ABSTRACT
This introduction outlines the scope of this special issue on “Chaucerian Obscenity,” which looks closely at the phenomenon of obscenity in Chaucer’s works and uncovers some of the history of how obscenity is and has been judged to be Chaucerian since his death in 1400. In addition to short descriptions of the articles included in this issue, the introduction explores the complications of defining what obscenity is, as well as the question of what constitutes obscenity.
- Award Group:
- Funder(s): Schweizerischer Nationalfonds zur Förderung der Wissenschaftlichen Forschung
- Award Id(s): 181097
- Funder(s):
What does “Chaucerian” mean today? As a noun, it refers to those who imitate, admire, or study the works of Geoffrey Chaucer. As an adjective, it can describe anything related to Chaucer’s works, or an unspecified quality that is judged to be characteristic of Chaucer’s work. This latter meaning leads to new questions, the first of which is that of precisely how one determines what is distinctive about or distinctively reminiscent of Chaucer’s writing. While answers to such questions may depend on direct familiarity with Chaucer’s works, they can also be the product of much more amorphous, nonspecific notions of what seems like Chaucer, notions that are themselves frequently received second- or third-hand from sources ranging from movies to historical fiction to comic books. Fifteenth-century readers would have associated Chaucer’s name with eloquence in English, even if they had only read his name in the works of those poets inspired by him. Modern teachers and students of Chaucer might know him best for his irony or for his portraits of pilgrims drawn from different levels of medieval society. For those familiar with Paul Bettany’s portrayal of the author in the 2001 film A Knight’s Tale, the name of Chaucer is likely to evoke memories of mischief and spectacle (not to mention unexpected moments of nudity).

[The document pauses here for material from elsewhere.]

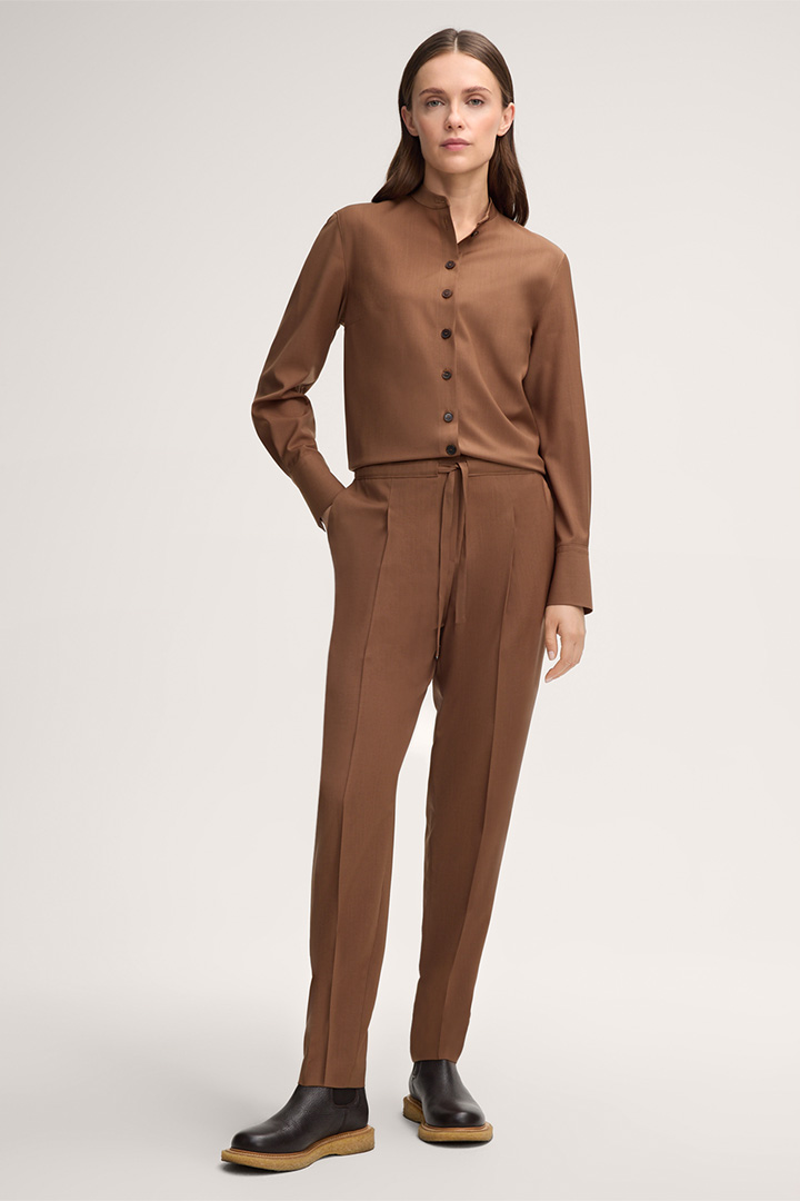 Das Etuikleid erweist sich in Tweed-Qualität in stretchiger italienischer Wollmischung als stilvolles Piece. Angeschnittene Ärmel und der V-Ausschnitt heben das Design hervor, ergänzt durch den Saumabschluss mit rückseitigem Cut-Out. Der nahtverdeckte Zipper mit schmalem Zugband rundet den Style stimmig ab.

This special issue focuses on one of the many qualities that have been linked to Chaucer’s name and works over the centuries: obscenity. The word is, of course, a postmedieval term, first attested in the late sixteenth century.1 Its precise etymology is uncertain: it may derive from Latin caenum (filth, mud) or—as Robert Graves suggested in his essay on “Poetry and Obscenity”—from Latin scaenus and Greek skene (scene), an etymology that evokes the idea of the obscene as something that belongs “offstage” but which is made the center of attention.2 What constitutes obscenity varies from one context to another, encompassing different forms of taboo violation even within a single historical period. As Nicola McDonald has pointed out in her work on medieval obscenity, “the obscene remains a loose and fuzzy category”; as one moves between periods and cultures,
The boundary shifts ever backwards and forwards (there is no neat evolutionary trajectory to chart), and . . . changing historical and cultural circumstances make it difficult to identify one person’s (or culture’s) obscenity from another’s taboo, pornographic, erotic or merely ‘talking about’ the sexual or scatological.3
McDonald’s reference to the sexual and scatological reflects obscenity’s most common associations in contemporary Western culture. But, as Geoffrey Hughes has observed, the meanings of obscenity and obscene have undergone considerable semantic evolution, shifting from “a basic sense of religious violation” toward an emphasis on perceived “sexual depravity or extreme vulgarity.”4 While the sexual and the scatological could indeed be viewed as obscene in certain medieval contexts, Nicole Nolan Sidhu has shown that “the strictly hierarchical culture of the Middle Ages also invests disobedience and resistance to the established order with a level of obscenity equal to the display of lower body functions, body parts, or sexual acts.” Indeed, “The equivalence medieval culture makes between sexual obscenity and resistance to authority is witnessed in the way that obscene comedy often depicts the two qualities together,” which may partially explain how a figure like the Wife of Bath has been lumped together with the Miller, Reeve, and Cook over the centuries.5 The meaning of obscenity continues to evolve in the present day, when phenomena such as gender-based violence, racial discrimination, or even excessive wealth might be labeled “obscene.”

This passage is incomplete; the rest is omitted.